But in addition to specimens of Lactarius as I have just described it, we occasionally find extraordinary specimens. Specimens which have a few important differences from the milky caps we are used to seeing. They are similar (and theoretically could therefore be included in the genus) because they have all three characters listed above: brittle flesh full of sphaerocysts; latex exuded when the tissues are ruptured; and spores with ornamentation that is iodine-positive. Yet they are different because their cap develops in such a way as to enclose their gills, and the gills are no longer vertical plates, but have become crumpled or convoluted to form a spongy, chambered mass. Since the cap remains closed, the spores obviously cannot escape. This sounds as if it would be a serious problem for the fungus: after all, have not mushrooms evolved to be spore-making and spore-launching machines? And if the spores are not released into the atmosphere, how will they be dispersed? Yet if we remember that the lungs of land vertebrates evolved from the swim-bladders of their fish ancestors, and the wings of birds from the forearms of their earthbound reptilian ancestors, we will appreciate that evolution, guided by environmental forces, often drives organisms in unforeseen directions. Something of this kind appears to be happening to the Lactarius, and we must assume that some other way of dispersing the spores has been evolved.

If we now cut away the edge of the unopened cap which is obscuring the gills, and try to make a spore print, we will not succeed. No spores will be deposited. This is not because the mushroom is either unripe or overmature. If we examine some of the basidia under a microscope, we will see that they have produced mature basidiospores. But the basidia have subtly changed. The four spores tend to develop symmetrically (not offset) on the sterigmata, and they tend to remain attached to the sterigmata: they are never forcibly discharged, as they were in normal Lactarius fruit bodies.

These differences are important enough for taxonomists to conclude that the fungus can no longer be called a Lactarius, and it has been placed in a different genus, named Arcangeliella. This genus has sometimes been excluded from the family Russulaceae and even from the order Agaricales, and has instead been put in a separate order, the Hymenogastrales. But there is no doubt that it has evolved from Lactarius in relatively recent times, that it is still closely related to that genus, and that it should be retained in the Agaricales, and even in the Russulaceae.

Arcangeliella still looks very like a mushroom, even if its behaviour is a little strange. But we have found other specimens which have evolved even further away from Lactarius. These specimens develop, and remain, just below the surface of the ground, looking rather like truffles. They are rounded or irregular in shape. The skin that covered the Lactarius now completely surrounds the truffle-like specimens. They have no stalk. There are no gills: the hymenium lines labyrinthine chambers.
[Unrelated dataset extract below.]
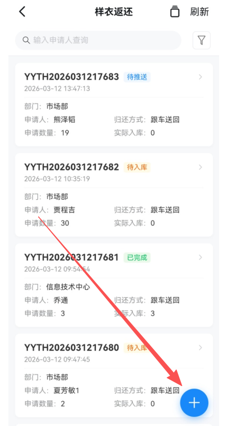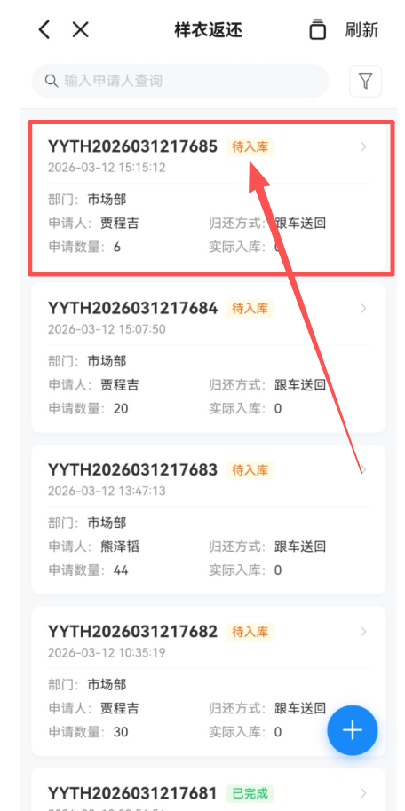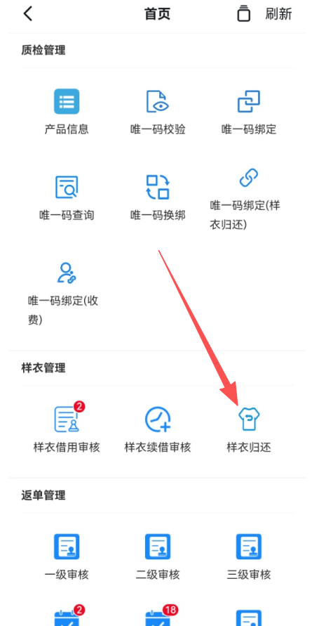 1、打开FMS钉钉小程序,进入“样衣归还”模块

And the basidiospores, now sitting straight on the sterigmata of the basidia, are not actively shot away.

Note that the outer skin and often the walls of the labyrinthine spore-bearing tissues contain sphaerocysts; latex oozes from the cut surfaces of fresh specimens; and the spores have spiny or ridged ornamentation that stains dark in iodine. Once again, the three diagnostic characters of Lactarius. A vestige of a stalk may even occur in the form of a pad of sterile tissue inside the base of the fruit body; the walls of the labyrinthine chambers could be derived from crumpled gills; and the presence of sterigmata on the basidia is a reminder that these structures were originally evolved as part of a mechanism to launch spores into the air.
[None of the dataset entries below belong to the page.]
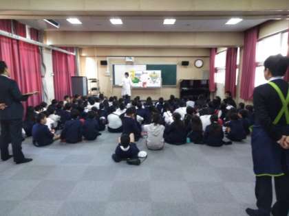 ライフの社会見学に行く前にライフの方がこられて、お話をしてくださりました。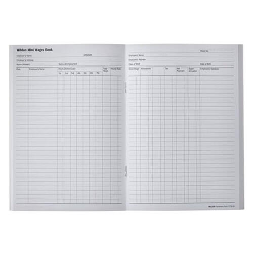 Este mini libro de salarios Wildon 171W es una manera fácil y eficiente de registrar tarifas por hora y horas de trabajo durante una semana laboral de 7 días. Este libro está preimpreso, por lo que todo lo que tienes que hacer es completar tus datos. Este libro incluye secciones para nombres, premios, fecha de nacimiento, tarifas, horas, impuestos, asignaciones, jubilación y más.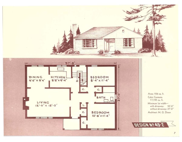 A sample from 67 Homes for Canadians, a pattern book published in 1947 by the Central Mortgage and Housing Corporation (later known as the Canadian Mortgage and Housing Corporation).CMHC
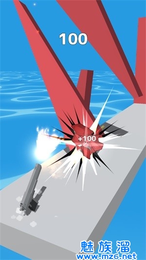 同时在道路上还有着各式各样的障碍物,你需要利用手枪来击碎障碍物,不断的前进。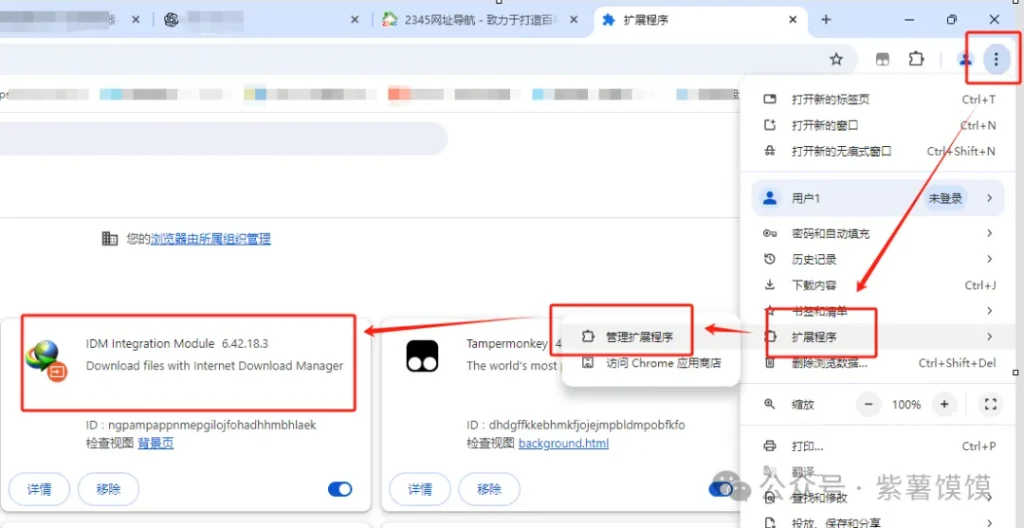 以谷歌浏览器Chrome为例,点击浏览器的扩展可以看到安装好的程序

Yet it would be stretching the concept of Lactarius beyond the breaking point to include these specimens in it: surely no-one would call them agarics. It is also clear that they are considerably more "reduced" even than those placed in Arcangeliella. So mycologists put them in another new genus, called Zelleromyces.

Although Zelleromyces differs from both Arcangeliella and Lactarius in important ways, the fact that it has latex, sphaerocysts and iodine-positive (amyloid) spore ornamentation is a compelling argument for keeping it in the family Russulaceae of the order Agaricales. After all, this disposition seems to best reflect its true relationships. Arcangeliella and Zelleromyces are what we now call sequestrate (see the note below) derivatives of the original agaric. The word sequestrate implies that they sequester or retain their spores, rather than broadcasting them into the air. This retentive habit, diagnosed by spores sitting symmetrically on the sterigmata of non-shooting basidia, is clearly characteristic of both genera.

Before drawing the first part of this discussion to a close, I must address one final issue. If these sequestrate genera share all the essential diagnostic features of Lactarius, how are we to distinguish the Lactarius we all know from its sequestrate derivatives? It is apparent that the three diagnostic characters I described earlier must be supplemented by three more, as follows:

[4] the cap of a true Lactarius expands at maturity and the gills are exposed.
[5] its gills are vertically oriented.
[6] its basidiospores are asymmetrically mounted on the sterigmata and are forcibly discharged at maturity.

If the Lactarius -> Arcangeliella -> Zelleromyces sequence was the only case in which this strange evolutionary sequence had been observed, we might be able to dismiss it as a quirk of evolution, a freak. But we have evidence that similar pathways have evolved in other mushroom genera. These will be explored in the second part of this article, in the next two issues of BEN.

The term "sequestrate" has recently been introduced (Kendrick 1992) to describe all these closed or hypogeous offshoots of regular fungi. It means that the spores are sequestered or hidden away, kept from contact with the outside world, at least until the fruit body decays or is eaten. The term sequestrate appears to be a more useful and more widely applicable term than such frequently-used words as 'gastroid' (which inappropriately implies close relationship with gasteromycetes) and 'secotioid,' an arcane word suggesting similarity with the genus Secotium (which is a sequestrate derivative of Agaricus). Most amateur and many professional mycologists have never seen Secotium, so the term derived from that name conveys little or no meaning.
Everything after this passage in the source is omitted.